ANOTHER DAY HAS BROKEN. I am awake but do not feel like stepping out of my bed, as usual. Everyday I wake up early, boil milk for my son and daughter, make coffee for the two of us and get ready by seven a.m., to face my daily grind. Every time, the thought flits by: Does it matter if I am late? What’ll happen if I get sick? They’ll manage, won’t they?


The thought of sickness makes me take a look at my fingers. I find the same difference between the fingers of the left hand and those of the right. No worsening in the past few days…
Or is there?
I am not so certain.
The left fingers are slender and they taper. The right fingers are thick at the joints and are blotchy. Whenever I notice them, the suspicion crosses my mind: maybe these are leprous changes .That stinking disease also starts with thickening of finger joints, I have heard.

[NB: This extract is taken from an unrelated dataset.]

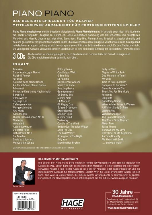 Spielbuch für Keyboard und Klavier von Bert Pfefferkorn - Buch Piano Piano Classic mittelschwer, Exclusive QR-Codes: Das beliebte Spielbuch für Klavier für fortgeschrittene Spieler - Mit 100 Hörbeispielen über QR - Code : Kölbl, Gerhard, Thurner, Stefan, Hage, Helmut Die Stücke sind interessant, variationsreich und durchgehend mittelschwer arrangiert. Sie eignen sich hervorragend sowohl für das Selbststudium als auch für den Klavierunterricht Sie eignen sich hervorragend sowohl für das Selbststudium als auch für den Klavierunterricht. Alle Melodien sind als Lernhilfe zum Üben oder zum Anhören über die QR-Codes abspielbar und wurden originalgetreu nach den Noten von Gerhard Kölbl am Piano live eingespielt
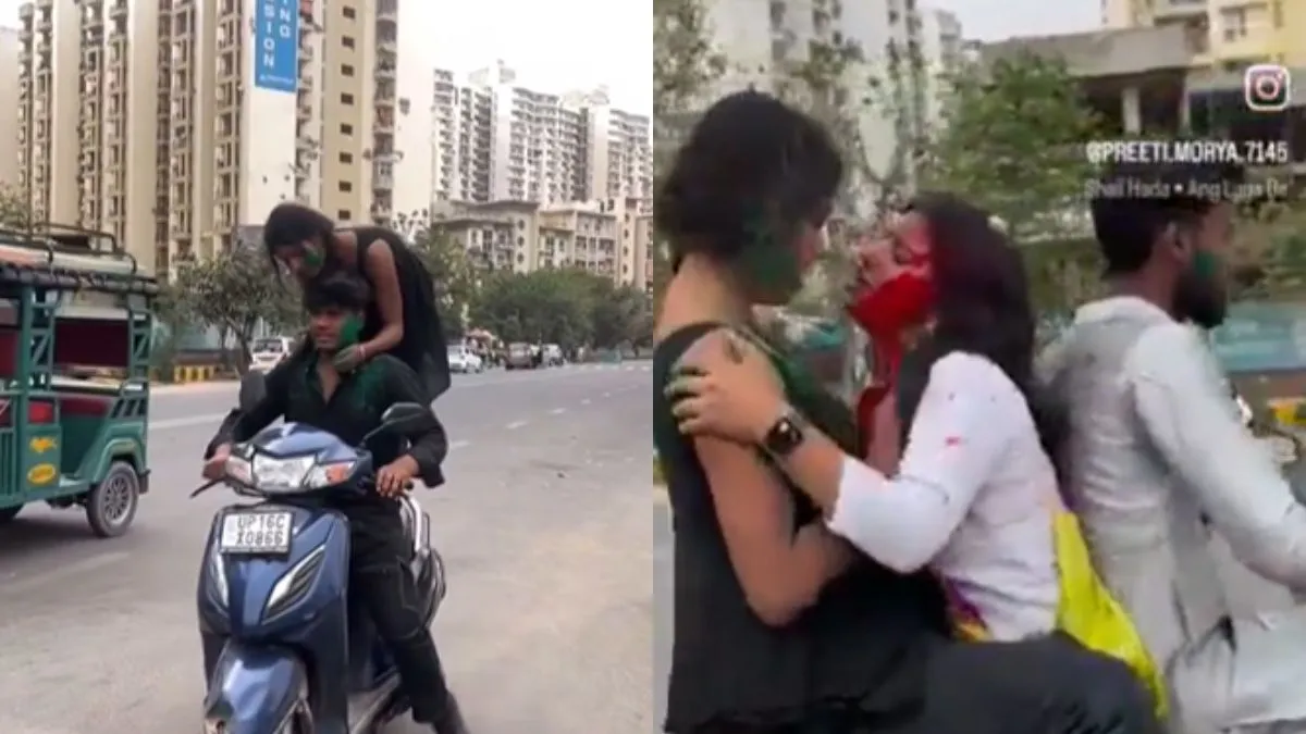 अभी पिछले कुछ दिनों से आप सोशल मीडिया पर देख रहे होंगे कि दो वीडियो काफी वायरल हो रहे हैं। एक वीडियो में नजर आता है कि एक लड़का स्कूटी चला रहा है। वहीं पीछे वाली सीट पर एक लड़की खड़ी होकर उसे रंग लगा रही है। दूसरे वीडियो में नजर आता है कि वही लड़का स्कूटी चला रहा है और पीछे दो लड़कियां बैठी हैं जो अश्लीलता से एक दूसरे को रंग लगा रही हैं। एक वीडियो को लोगों ने अश्लील बताया तो वहीं दूसरे वीडियो को देखने के बाद लोगों ने इसे दूसरों के लिए खतरनाक बताया। वीडियो इतना वायरल हुआ कि अब नोएडा पुलिस ने अब मामले में कार्रवाई भी की है।

I am scared of leprosy. I positively hate it. This town of Chittoor is teeming with those blighted hordes. I shudder when I think of it. This fellow has no fingers. That fellow has no nose. The other one’s arms are blotchy. Chi, chi, the whole leprous population of the country seems to have congregated here to beg. They are sure to infect the whole town. It would be a good riddance if they were all bundled up and burnt off!
I cannot say this out loud or the world is sure to scream ‘pity them…sympathize with them…what about your compassion?’
I have no compassion.
Will they burn me too, because of that?
Ah, these miserable fingers…these right hand fingers…so thick. Sometimes I am convinced that cooking is at the root of this entire problem. Mustard and green chilies splutter in hot oil and lunge straight on to my hands. Somehow my hand is right where the steam spouts out. I strain the boiling rice, and the scalding hot kanji makes a beeline onto my hand like iron filings marching to the magnet. When milk boils over, the rag to hold the hot dish is nowhere to be found. Scared of burning my hand, I hug the hot dish, the overflowing milk, and the stovetop, all three of them, in my anxiety.


Now I do it differently. I stand before the milk boiling-over, and think calmly, “Go, milk, go the way you wish to go and be damned, I don’t care!” If I find cold water handy, I sprinkle. If not, I just do nothing. The milk will boil over and flood the flame and good riddance!


I hate cooking. My mother never taught me how. A sophisticated lady, she was too enlightened and over-educated. Trivial skills like cooking had never bothered her, but she soaked up all the necessary rules needed for a high-class life!
But it was mother’s destiny to marry a luckless man. My dad worked for the government as a deputy collector for a long time and was never promoted. I am sure she yearned to shine as a collector’s wife. Ha, ha, ha, her enlightenment had no power over destiny! My dad didn’t take a lot of bribes but the few that he did take were detected and earned him a black mark. What could my wise mom do except be deeply hurt, as Julius Caesar was when he saw Brutus stab him! I personally think it is a good thing to be stabbed now and then, because your wisdom and Vedanta, they say, grow by these knocks!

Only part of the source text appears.